Douchan Gersi (1947-2015) was a Slovak-born, Belgium-raised, Bali-based adventurer, documentary filmmaker, author and actor, producer/star with actor James Coburn of Explore, a PBS mini-series. He is the author of numerous books including Faces in the Smoke: An Eyewitness Experience of Voodoo, Shamanism, Psychic Healing, and Other Amazing Human Powers and Explorer.

==Personal life==
Gersi was born in Europe, and spent part of his life there. He then grew up in Africa.

At the age of 15, his 44-year-old father died of cancer. Before that, he had given Douchan a lecture on life, which would inspire him to "live to the fullest." Douchan eventually had children and grandchildren who would live with him in the Indian city of Madras from 2001 – 2003.

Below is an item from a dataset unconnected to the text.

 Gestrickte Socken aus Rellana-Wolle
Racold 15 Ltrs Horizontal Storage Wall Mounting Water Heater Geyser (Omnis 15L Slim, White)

In 1988 Douchan was a contestant on the American game show Card Sharks hosted by Bob Eubanks.

==Career==
In 1973, Gersi went to Tahiti. The year after, he went to central Kalimantan (the Indonesian part of Borneo) and Bali on an expedition. The expedition was sponsored by Leopold III of Belgium. In Bali, he stayed at a place rented by Marlon Brando near Ubud. In 1975, he claimed to have seen a tiger in East Kalimantan, and published two photographs to support his statement. The authenticity of these photographs were doubted by Lord Medway, 5th Earl of Cranbrook, in 1977, but accepted by Meijaard in 1999.

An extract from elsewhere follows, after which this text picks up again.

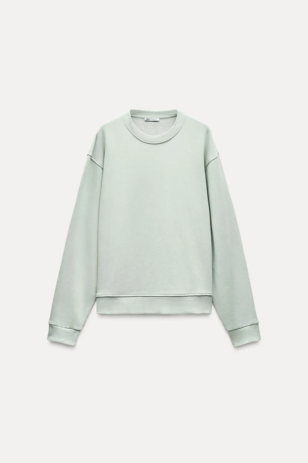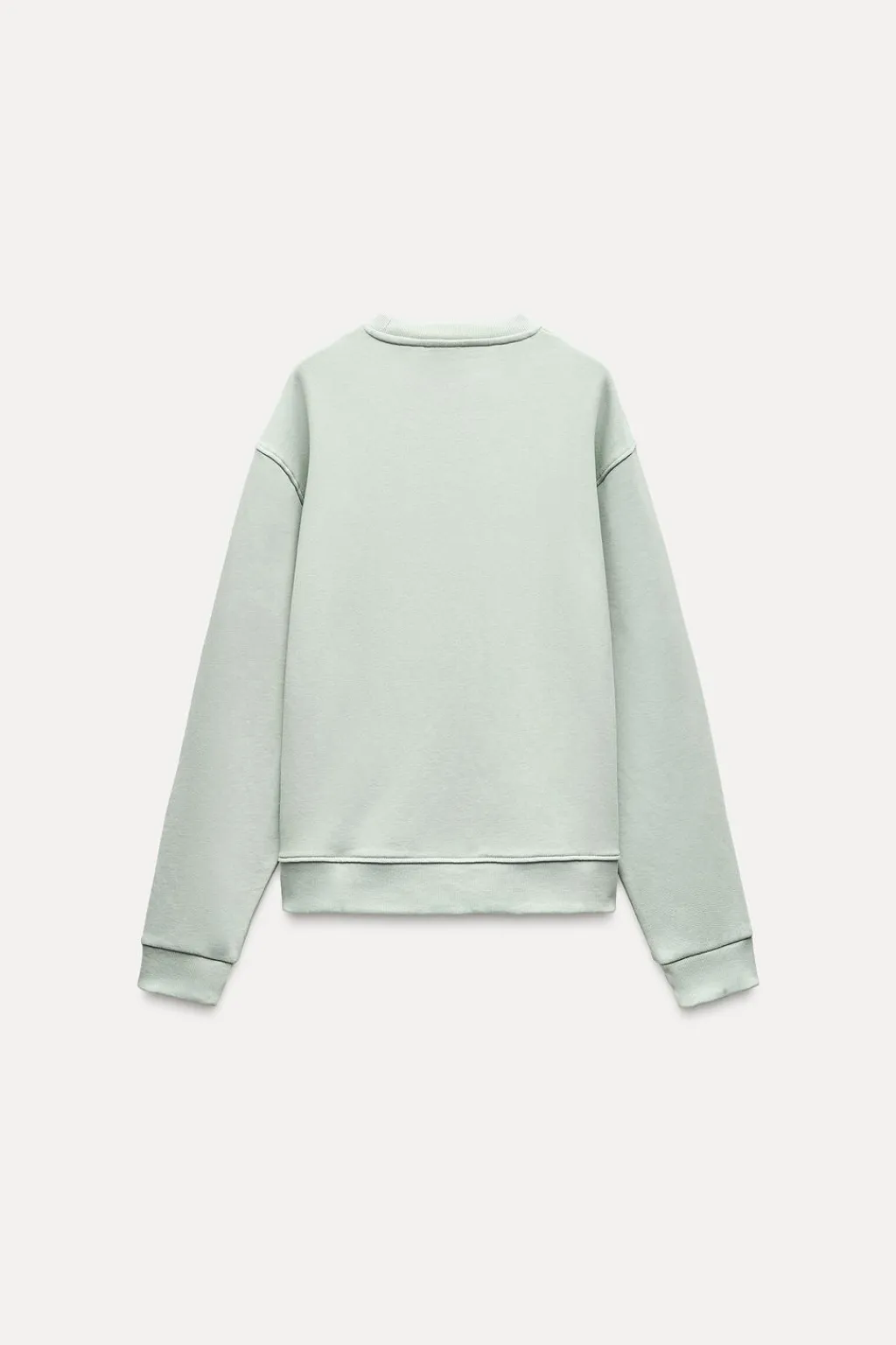 Sudadera de cuello redondo y manga larga con hombro caído. Acabados en rib a tono.

He has also worked as an actor for Hollywood and Bollywood. In India, he worked on documentaries of monarchs, particularly Indian maharajas and nawabs.

==Beliefs==
Despite not following a recognized religion, or believing in the afterlife concepts of Heaven and Hell, he stated that he believed in God. He considered the Buddha, Jesus and Muhammad to have "brought new thoughts, and in some instances, the truth" to a lot of people. He also believed in having the "Three P's", that is passion, patience and perseverance.